• **Given data**:
--------------------

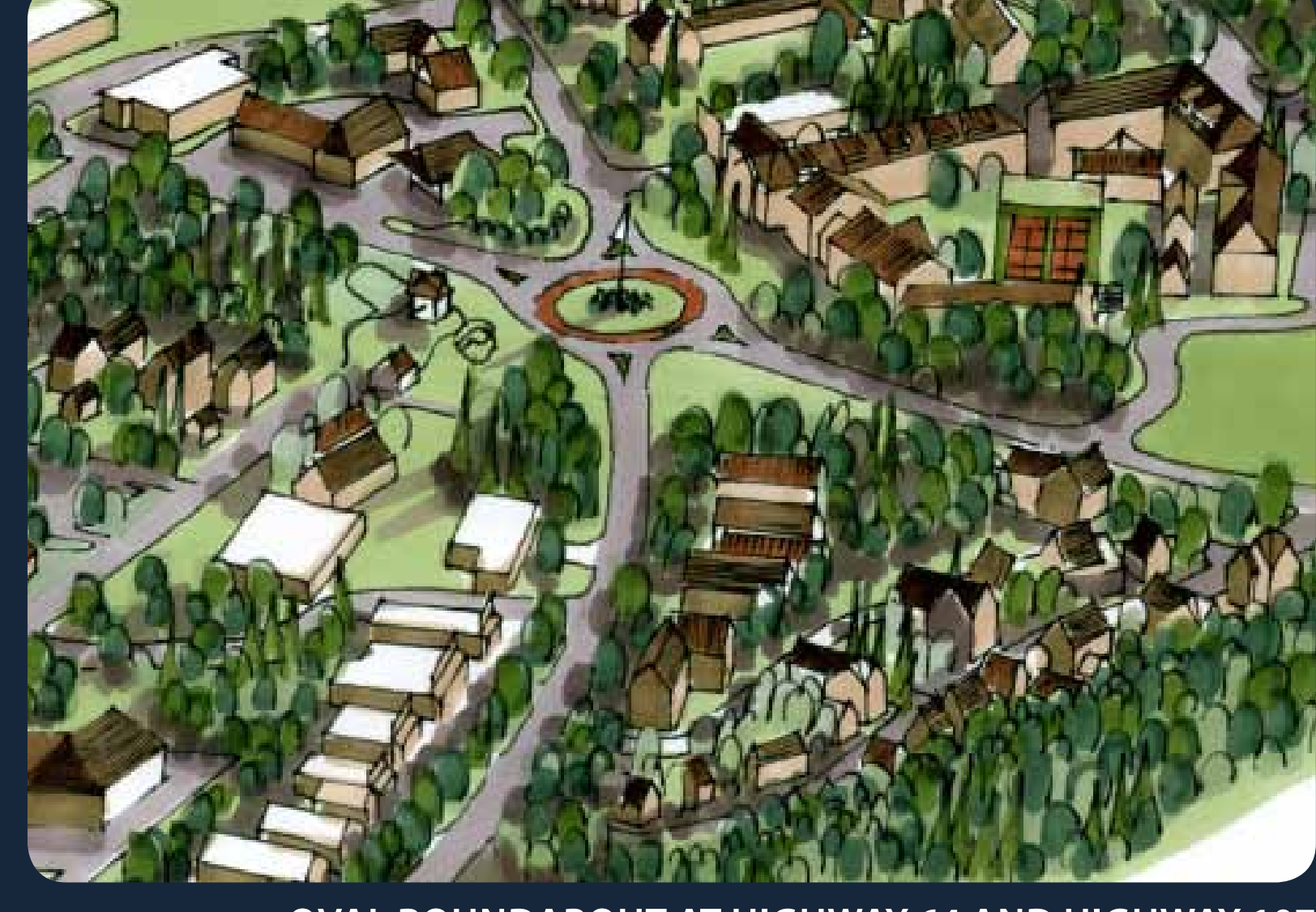
OVAL ROUNDABOUT AT HIGHWAY 64 AND HIGHWAY 107
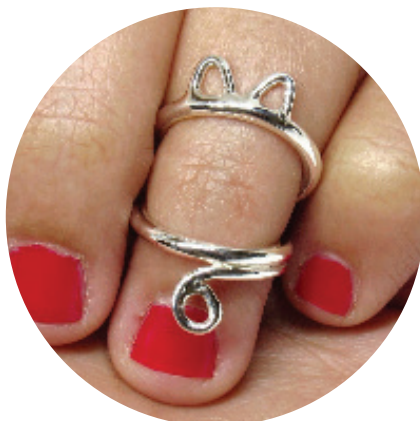
CAT ADJUSTABLE SWAN SPLINT RING IN STERLING SILVER Price: $34 US dollars
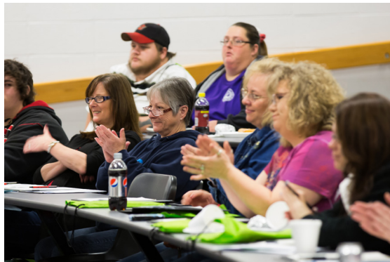
Students learned valuable information at the Employability Skills Conference, including how to dress for interviews. The conference was sponsored by the Career Pathways Initiative and Student Success Center.

The conference, which was sponsored by the Ozarka College Career Pathways program

--------------------

• **Task statement**:
Find the lines above holding the word "Career" and show them.

• **Reply to the exercise**:
Students learned valuable information at the Employability Skills Conference, including how to dress for interviews. The conference was sponsored by the Career Pathways Initiative and Student Success Center.
The conference, which was sponsored by the Ozarka College Career Pathways program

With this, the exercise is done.